Candice Wiggins called her experience playing in the WNBA "toxic," a major reason the former No. 3 draft pick says she abruptly retired at age 29 last year.
In an interview with The San Diego Union-Tribune published Monday, Wiggins called the culture in the league "very, very harmful" and said she was targeted throughout her eight-year career for being both heterosexual and popular nationally.
"I wanted to play two more seasons of WNBA, but the experience didn't lend itself to my mental state," Wiggins told the newspaper. "It was a depressing state in the WNBA. It's not watched. Our value is diminished. It can be quite hard. I didn't like the culture inside the WNBA, and without revealing too much, it was toxic for me. ... My spirit was being broken."
Wiggins said she was treated poorly by a majority of players in the league from the day she was drafted by the Minnesota Lynx in 2008 after a notable career at Stanford.
"Me being heterosexual and straight and being vocal in my identity as a straight woman was huge," Wiggins told the Union-Tribune. "I would say 98 percent of the women in the WNBA are gay women. It was a conformist type of place. There was a whole different set of rules they [the other players] could apply."
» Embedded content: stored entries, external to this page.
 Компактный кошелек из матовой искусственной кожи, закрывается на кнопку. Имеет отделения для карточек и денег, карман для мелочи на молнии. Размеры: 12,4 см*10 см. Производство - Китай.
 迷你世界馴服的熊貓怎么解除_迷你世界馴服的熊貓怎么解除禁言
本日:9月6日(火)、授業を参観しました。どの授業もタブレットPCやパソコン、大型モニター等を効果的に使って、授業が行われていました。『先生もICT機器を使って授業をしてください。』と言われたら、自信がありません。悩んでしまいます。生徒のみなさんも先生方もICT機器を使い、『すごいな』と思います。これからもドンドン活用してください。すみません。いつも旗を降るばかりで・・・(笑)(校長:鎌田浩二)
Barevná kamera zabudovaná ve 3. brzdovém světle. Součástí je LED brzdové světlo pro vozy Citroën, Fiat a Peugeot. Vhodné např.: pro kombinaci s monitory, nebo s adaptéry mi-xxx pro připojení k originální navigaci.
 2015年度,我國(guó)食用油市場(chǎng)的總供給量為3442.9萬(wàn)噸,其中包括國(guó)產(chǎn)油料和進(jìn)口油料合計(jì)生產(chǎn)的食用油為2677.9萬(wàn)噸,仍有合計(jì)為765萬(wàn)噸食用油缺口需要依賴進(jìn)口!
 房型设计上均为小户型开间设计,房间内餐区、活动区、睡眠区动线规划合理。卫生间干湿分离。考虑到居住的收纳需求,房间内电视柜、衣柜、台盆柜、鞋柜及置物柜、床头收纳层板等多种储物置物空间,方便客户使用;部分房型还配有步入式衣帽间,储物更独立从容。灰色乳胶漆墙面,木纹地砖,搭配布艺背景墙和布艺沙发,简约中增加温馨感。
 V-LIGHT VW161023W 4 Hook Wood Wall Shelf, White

In a follow-up interview with The San Diego Union-Tribune on Tuesday, Wiggins said she meant to use the 98 percent figure as an illustration rather than fact.
There is no published data on the number of gay players in the league.
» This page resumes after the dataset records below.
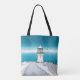 An illustration of the lighthouse at Cape Reinga in New Zealand, the lighthouse is drawn and black and white and is lighting up a blue sky period. Native New Zealand flax is stand a long the track to the lighthouse.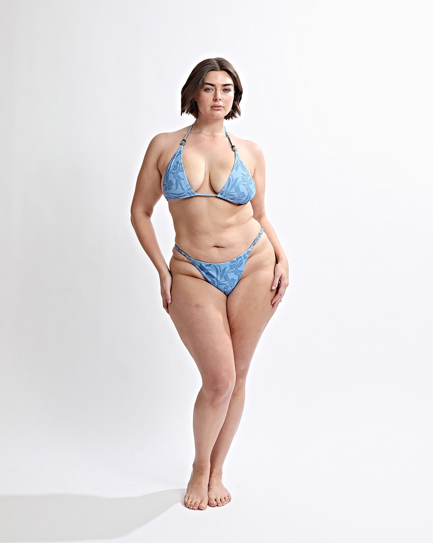 Fully lined bikini bottoms with fixed front and adjustable back waist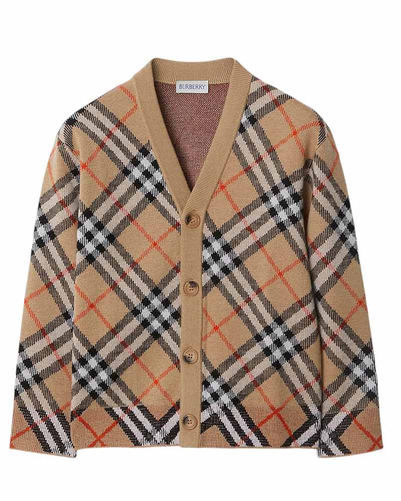 Cardigan in lana con iconica fantasia Burberry Check in jacquard, caratterizzato da scollo a V, maniche lunghe, chiusura frontale con bottoncini e finiture a costine.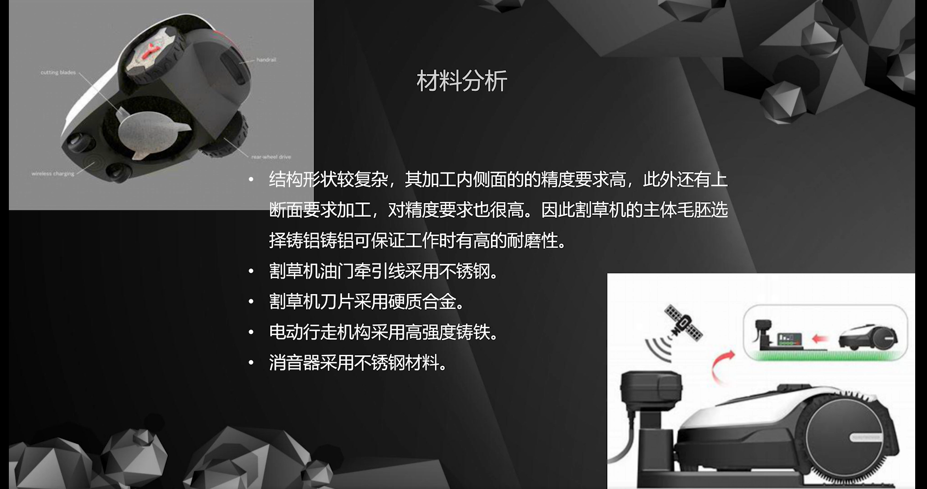 设计理念:通过机械装置实现自动割草,割草装置与车身一体,可以边行驶边割草,可自动升降,可适应不同类型的地面。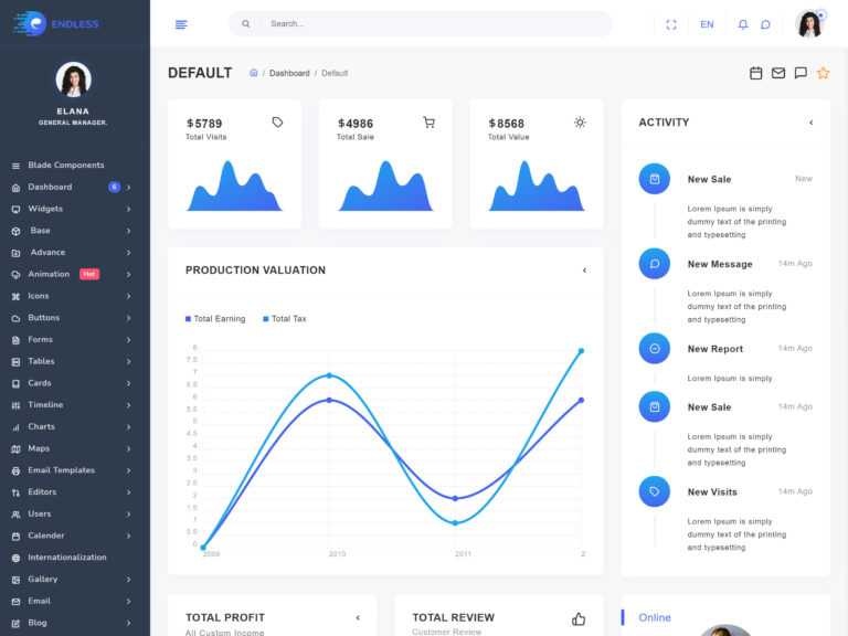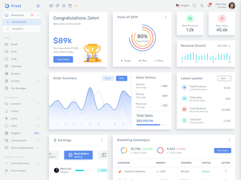 Frestを選択した場合に管理領域に含めることができる機能に関しては、利用可能な便利なアプリがたくさんあります。 チャット、メール、カレンダーはアプリ選択のほんの一例であり、ダッシュボードにToDoリストツールやファイル管理システムを追加できるものもあります。 利用可能な要素もたくさんあります。 これらは、テキストやアイコンの表示などの基本的なオプションから、カルーセルやグラフなどの高度な例にまで及びます。 Frest機能リストを調べて、このLaravel管理テンプレートパッケージに必要なものがすべて揃っているかどうかを確認する価値があります。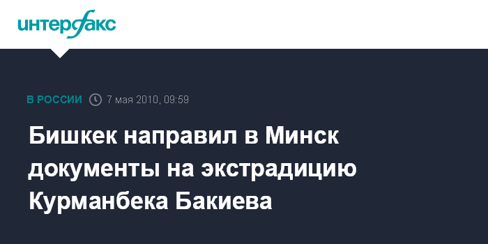 По его словам, 4 мая соответствующая санкция была дана Первомайским судом столицы Киргизии, а генеральная прокуратура 6 мая, отправила в Белоруссию все необходимые документы для выдачи Бакиева.

After multiple attempts to obtain a statement from the WNBA, a spokesman said the league would not be commenting on Wiggins' allegations at this time.
"People were deliberately trying to hurt me all of the time," Wiggins said. "I had never been called the B-word so many times in my life than I was in my rookie season. I'd never been thrown to the ground so much. The message was: 'We want you to know we don't like you.'"
Los Angeles Sparks forward and WNBA Players Association president Nneka Ogwumike said in a statement that the allegations should be "taken seriously."
"Whether one agrees or disagrees with the comments made recently by a former player, or whether one has seen or experienced anything like what she has described, anything that impacts an inclusive culture should be taken seriously," Ogwumike said.
Chicago Sky center Imani Boyette wrote an open letter to Wiggins on her website, saying Wiggins' claims were a damaging reinforcement of stereotypes.
"Do you understand what you've done? You've reinforced unfair stereotypes," Boyette wrote. "A person's orientation is their own and their business. Now, because of your article, it is no longer out of bounds to ask WNBA players about their sexuality. Do they ask any male stars in the NBA about their sexuality? Is it even a conversation?"
Boyette is married to University of Texas defensive lineman Paul Boyette Jr.
Wiggins went on to play for Tulsa, Los Angeles and New York after five seasons in Minnesota. She called her experience playing abroad when the WNBA was out of season "incredible" and something that made her stronger.
"I want you to understand this: There are no enemies in my life," Wiggins told the newspaper on Tuesday. "Everyone is forgiven. At the end of the day, it made me stronger. If I had not had this experience, I wouldn't be as tough as I am.
"I try to be really sensitive. I'm not trying to crush anyone's dreams or aspirations, or the dreams of the WNBA. I want things to be great, but at the same time it's important for me to be honest in my reflections."
Wiggins told the Union-Tribune that she is writing an autobiography about her experiences in the WNBA. She also is training to become a pro beach volleyball player.